Since the UK left the EU Customs Union in 2020, there have been many changes to UK customs procedures. A number of arrangements for trading with the EU are still in transition and are not yet aligned with the procedures for trading with the rest of the world.
Special arrangements have been agreed between the UK and the EU for the island of Ireland and there are no border controls in place between Northern Ireland and Eire. Northern Ireland (NI) is in the UK customs territory but has remained aligned with EU trade regulations. This means that there are special arrangements for moving goods from GB into NI as a declaration must be made and duties may be payable if the goods are at risk of entering the EU. At present, these arrangements only apply to freight movements into NI but, under the Windsor Framework, new procedures will come into effect in 2025 and parcels will need to be declared when they move from GB to NI.
The UK Global Tariff fixes duty rates between zero and 17% on most goods although higher rates of duty often apply to agricultural goods. These tariffs apply to imports from all countries except where preferential tariffs are agreed as part of a Free Trade Agreement.
Imports require a 10 digit tariff code and an 8 digit code is used for exports. The UK codes are still aligned to the EU commodity codes.
Imports will still require a 10 digit tariff code and an 8 digit code will be used for exports.
The UK has entered into many free trade agreements, the most significant one being the EU-UK Trade and Co-operation Agreement (TCA). Under a free trade agreement, goods that originate in one country (or group of countries) can be imported into the other contracting country (or countries) at preferential (often zero) tariffs. The details of when and how a product is deemed to originate in a country is contained within the agreement. The trade agreement will also set out the arrangements for evidencing that the goods originate in a county. As the arrangements vary from one agreement to another, traders should ensure that they are aware of the correct rules for claiming a preferential rate of duty from a specific country.

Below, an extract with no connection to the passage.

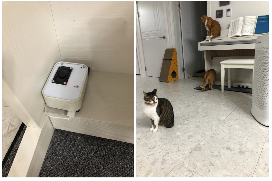 처음에는 고양이들이 제 목소리에 잘 반응 해줬습니다만 한 가지 간과한 부분이 있었습니다. 고양이가 울었을 때 들려주는 제 목소리를 딱 1개의 예제만 녹음해둔 나머지 나중에는 고양이들이 제 목소리에 익숙해져서 목소리가 들려도 울음을 멈추지 않았습니다. 이 부분은 여러 개의 예제 샘플을 만든다거나 실시간으로 들려주는 기능을 추가하는 등의 보완이 필요해 보였습니다. 아래 동영상에서 실제로 어떻게 작동하는지 보실 수 있습니다.

All UK import and export declarations are submitted to HMRC through the Customs Declaration Service (CDS). Even traders that use a customs agent to complete declarations on their behalf must sign up to CDS through the UK Government portal. In CDS, a trader can see details of any cash account or deferment account that he has with HMRC, he can retrieve his monthly Postponed VAT statements and, we believe in 2025, will be able to see details of the customs declarations that have been made to HMRC in his name (EORI).
The UK has a system of Postponed Import VAT Accounting (PIVA), whereby registered VAT traders can simply account for import VAT in their periodic returns rather than actually paying the tax at import. It applies to imports from all countries.
There is no pre-approval system for PIVA but traders must register on the HMRC CDS system to obtain their PIVA statements each month.
To recover import VAT paid, the goods must belong to the importer, and evidence of VAT paid or postponed must be held.
Low value consignment relief no longer applies and all goods are subject to import VAT, whatever their value.
Importers may wish to have a duty deferment account (DDA) with HMRC to delay the payment of any duty to HMRC until the middle of the month following importation (it can be used for import VAT and excise duty too). Provided a business is solvent and has no serious non-compliance issues, it may apply to have DDA of up to £10,000 a month without a financial guarantee. Traders that require a larger monthly deferment account limit will still need a financial guarantee for part or all of their deferment facility unless they are an Approved Economic Operator or can evidence to HMRC that they meet AEO standards.